▶ AIM OF THE TASK: Transcribe the whole listing without a single picture.
RECORDS FOR THE EXERCISE section start
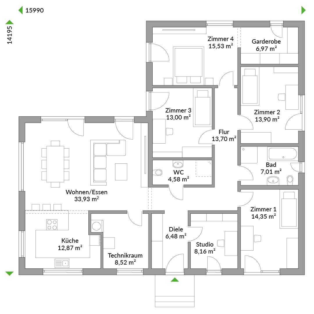 Alles im Blick und alle zusammen… Unser größter Bungalow Family 159 in L-Form überzeugt mit stattlichen Maßen. Hier bleibt man bis ins hohe Alter unabhängig, auch wenn die Kinder längst aus dem Haus sind. Hier lebt es auch mit mehreren Generationen perfekt zusammen. Denn der offene Familienbereich mit Wohn- und Esszimmer sowie die offene Küche wurden so platziert, dass sie von Schlaf- und Ruheräumen getrennt ist. Vom kommunikativen Zentrum des Hauses ist auch die windgeschützte Terrasse begehbar, die förmlich zu einem Glas Rotwein bei Sonnenuntergang einlädt. Arbeitszimmer, vier Schlafzimmer, zwei Bäder – beim Wohnkomfort mangelt es hier an nichts.
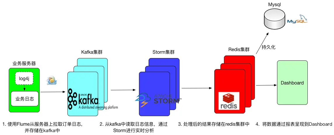 引入了Flume+Kafka+Storm来做作为班底,并继续通过Redis+Mysql的“经典”组合来做好日志数据处理后的存储。下面会分开讨论一下,选择这组班底的原因和过程中的思考。
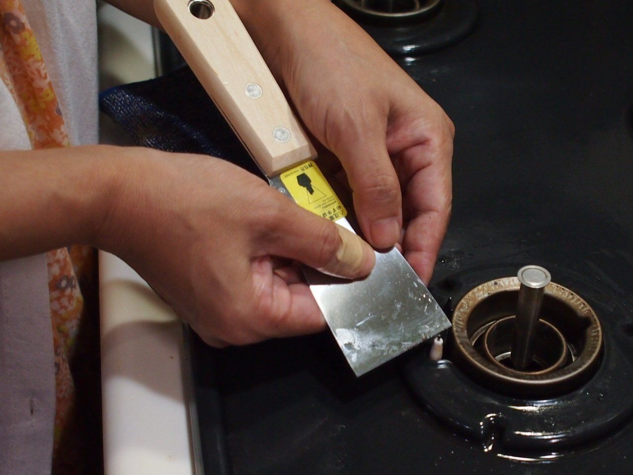 「コゲとりスポンジ」でも落ちない汚れは、「スチールスクレーパー」でピンポイントに除去していきます。そして最後はスポンジ、雑巾などで汚れを拭き取ります。
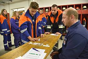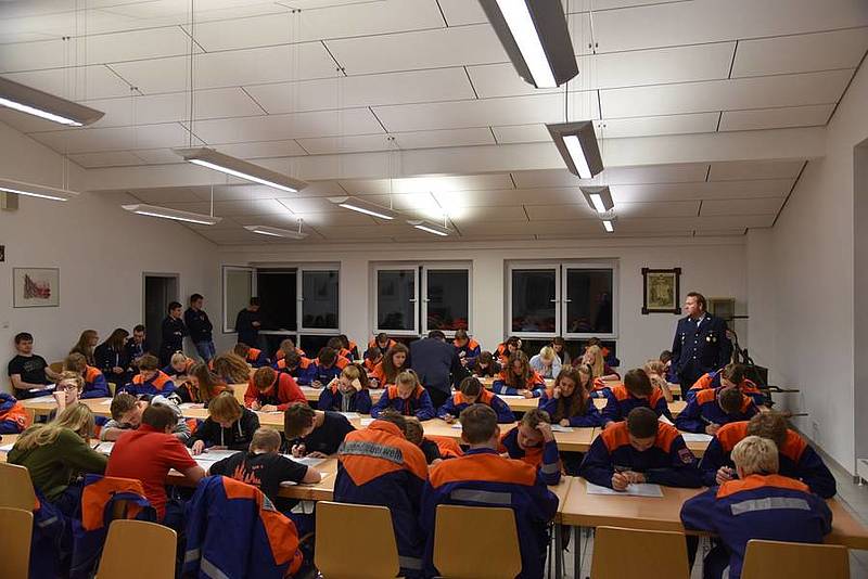 Diesjähriges Thema war Unfallverhütung, Persönliche Schutzsausrüstung und Dienstkleidung in der Jugendfeuerwehr. Zur Prüfung traten insgesamt 125 Jugendliche aus insgesamt 22 Jugendfeuerwehren des Dienstbezirks 3 zur Prüfung an. Kreisbrandinspektor Peter Schlerf und Kreisbrandmeister Christian Falk begrüßten die Jugendlichen und teilten kurz zur Prüfung ein: ein Teil der Prüflinge ging in den Unterrichtsraum um dort die theoretische Prüfung abzulegen, während sich der zweite Teil der praktischen Prüfung stellte. In der Prüfung galt es zwischen 10 und 30 Fragen, je nach abzulegender Stufe, richtig zu beantworten. Im praktischen Teil gab es drei verschiedene Aufgaben: an der Station 1 musste die Schutzausrüstung eines Feuerwehranwärters zwischen dem 12. – 16. Lebensjahr und dem 16. – 18. Lebensjahr richtig zugewiesen werden. An der Station 2 wurde der Feuerwehrjugend jeweils zwei Bilder gezeigt. Auf den Bildern ging es um das Thema Unfallverhütung. Dabei gab es jeweils ein Foto, was aufzeigte, wie man es richtig ausführt und eines, wie es falsch ist. Die Jugendlichen mussten das richtige Foto herausfinden und auch eine Bewertung vornehmen, warum sie sich für das entsprechende Foto entschieden haben. An der 3. Station mussten dann diverse veränderliche oder feste Funktionsabzeichen einer Funktion zugeordnet werden.
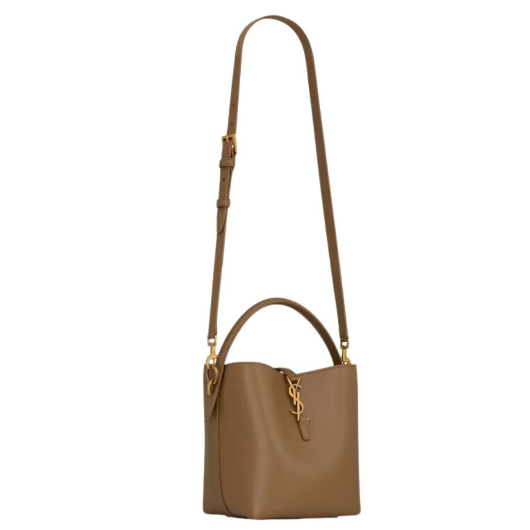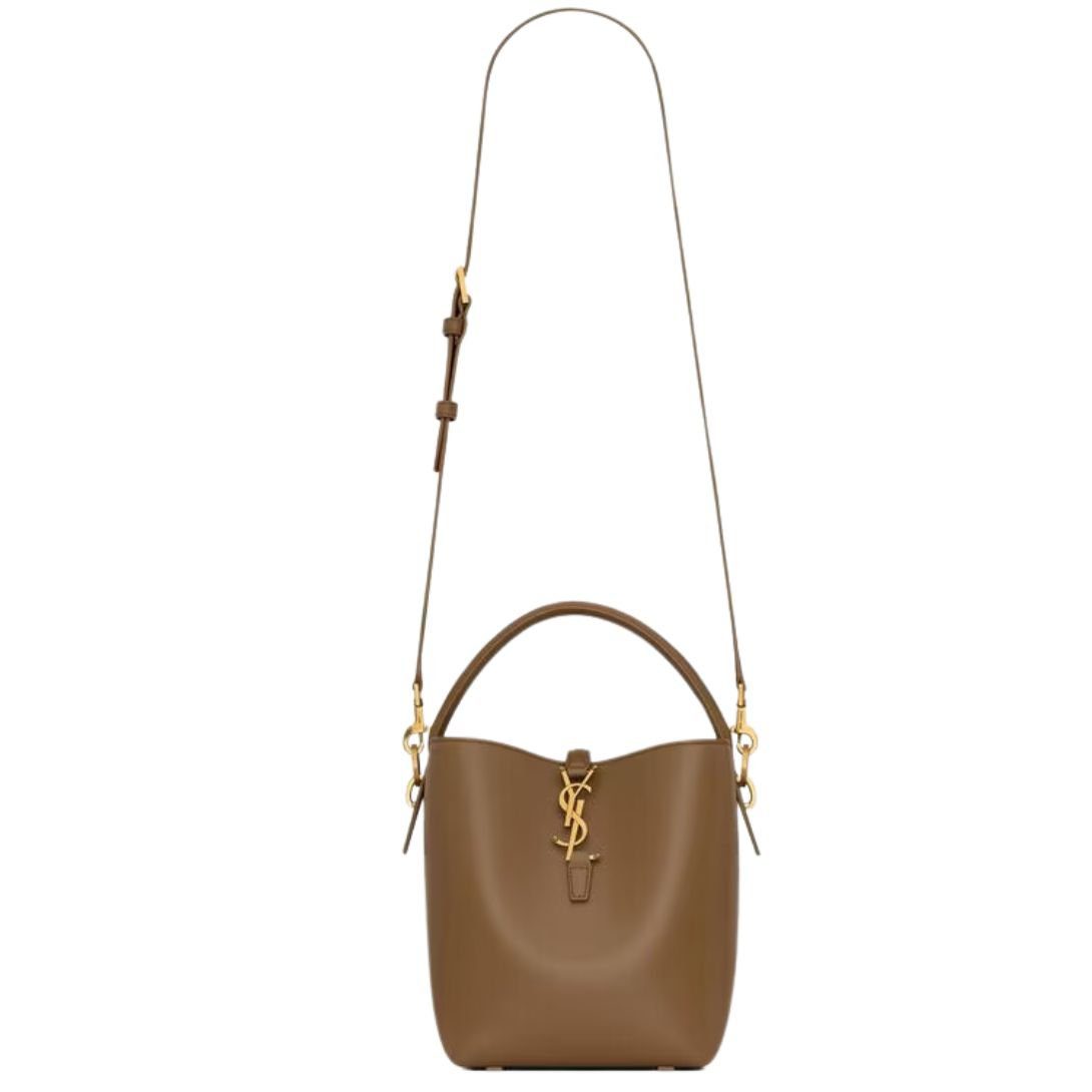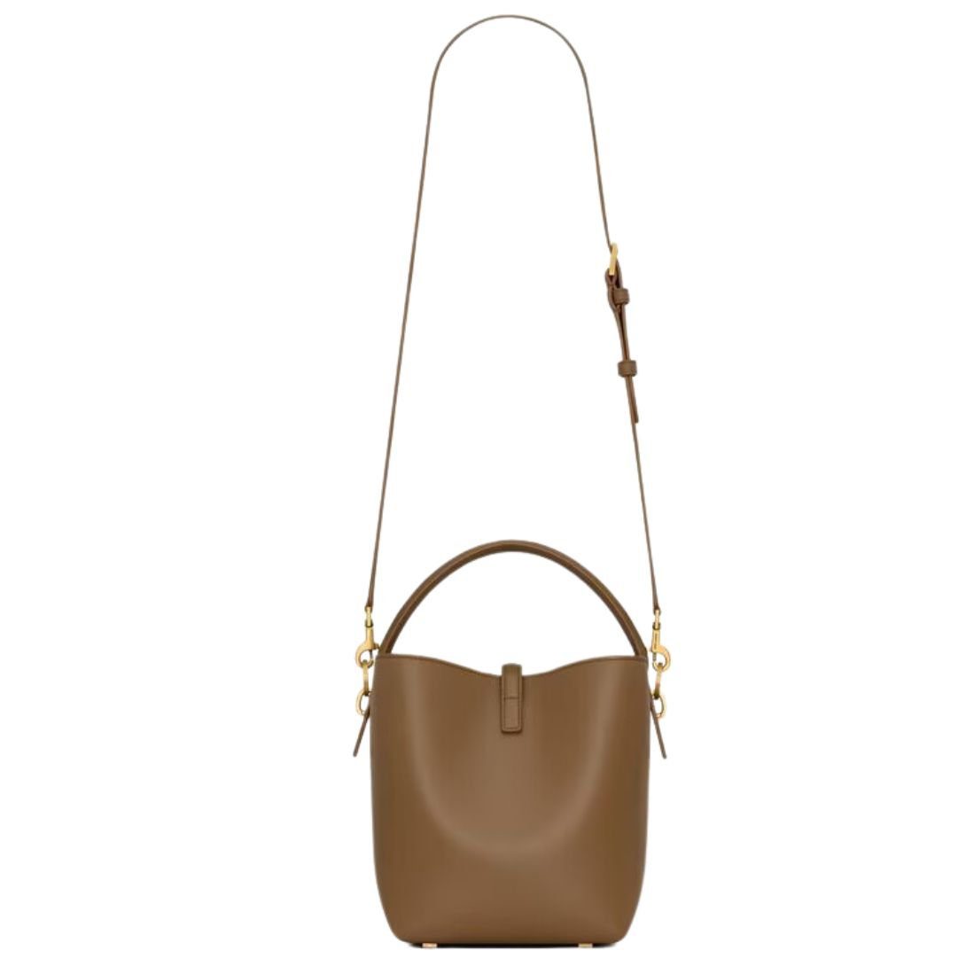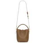 This bucket bag combines practicality with elegance, featuring the signature Cassandre hook closure. The bag is equipped with a top handle and an adjustable and detachable shoulder strap, offering versatile carry options for any occasion. The interior is lined with soft suede for a luxurious touch.
RECORDS FOR THE EXERCISE section end
▶ FINISHED EXERCISE:
 Alles im Blick und alle zusammen… Unser größter Bungalow Family 159 in L-Form überzeugt mit stattlichen Maßen. Hier bleibt man bis ins hohe Alter unabhängig, auch wenn die Kinder längst aus dem Haus sind. Hier lebt es auch mit mehreren Generationen perfekt zusammen. Denn der offene Familienbereich mit Wohn- und Esszimmer sowie die offene Küche wurden so platziert, dass sie von Schlaf- und Ruheräumen getrennt ist. Vom kommunikativen Zentrum des Hauses ist auch die windgeschützte Terrasse begehbar, die förmlich zu einem Glas Rotwein bei Sonnenuntergang einlädt. Arbeitszimmer, vier Schlafzimmer, zwei Bäder – beim Wohnkomfort mangelt es hier an nichts.
 引入了Flume+Kafka+Storm来做作为班底,并继续通过Redis+Mysql的“经典”组合来做好日志数据处理后的存储。下面会分开讨论一下,选择这组班底的原因和过程中的思考。
 「コゲとりスポンジ」でも落ちない汚れは、「スチールスクレーパー」でピンポイントに除去していきます。そして最後はスポンジ、雑巾などで汚れを拭き取ります。
 Diesjähriges Thema war Unfallverhütung, Persönliche Schutzsausrüstung und Dienstkleidung in der Jugendfeuerwehr. Zur Prüfung traten insgesamt 125 Jugendliche aus insgesamt 22 Jugendfeuerwehren des Dienstbezirks 3 zur Prüfung an. Kreisbrandinspektor Peter Schlerf und Kreisbrandmeister Christian Falk begrüßten die Jugendlichen und teilten kurz zur Prüfung ein: ein Teil der Prüflinge ging in den Unterrichtsraum um dort die theoretische Prüfung abzulegen, während sich der zweite Teil der praktischen Prüfung stellte. In der Prüfung galt es zwischen 10 und 30 Fragen, je nach abzulegender Stufe, richtig zu beantworten. Im praktischen Teil gab es drei verschiedene Aufgaben: an der Station 1 musste die Schutzausrüstung eines Feuerwehranwärters zwischen dem 12. – 16. Lebensjahr und dem 16. – 18. Lebensjahr richtig zugewiesen werden. An der Station 2 wurde der Feuerwehrjugend jeweils zwei Bilder gezeigt. Auf den Bildern ging es um das Thema Unfallverhütung. Dabei gab es jeweils ein Foto, was aufzeigte, wie man es richtig ausführt und eines, wie es falsch ist. Die Jugendlichen mussten das richtige Foto herausfinden und auch eine Bewertung vornehmen, warum sie sich für das entsprechende Foto entschieden haben. An der 3. Station mussten dann diverse veränderliche oder feste Funktionsabzeichen einer Funktion zugeordnet werden.
 This bucket bag combines practicality with elegance, featuring the signature Cassandre hook closure. The bag is equipped with a top handle and an adjustable and detachable shoulder strap, offering versatile carry options for any occasion. The interior is lined with soft suede for a luxurious touch.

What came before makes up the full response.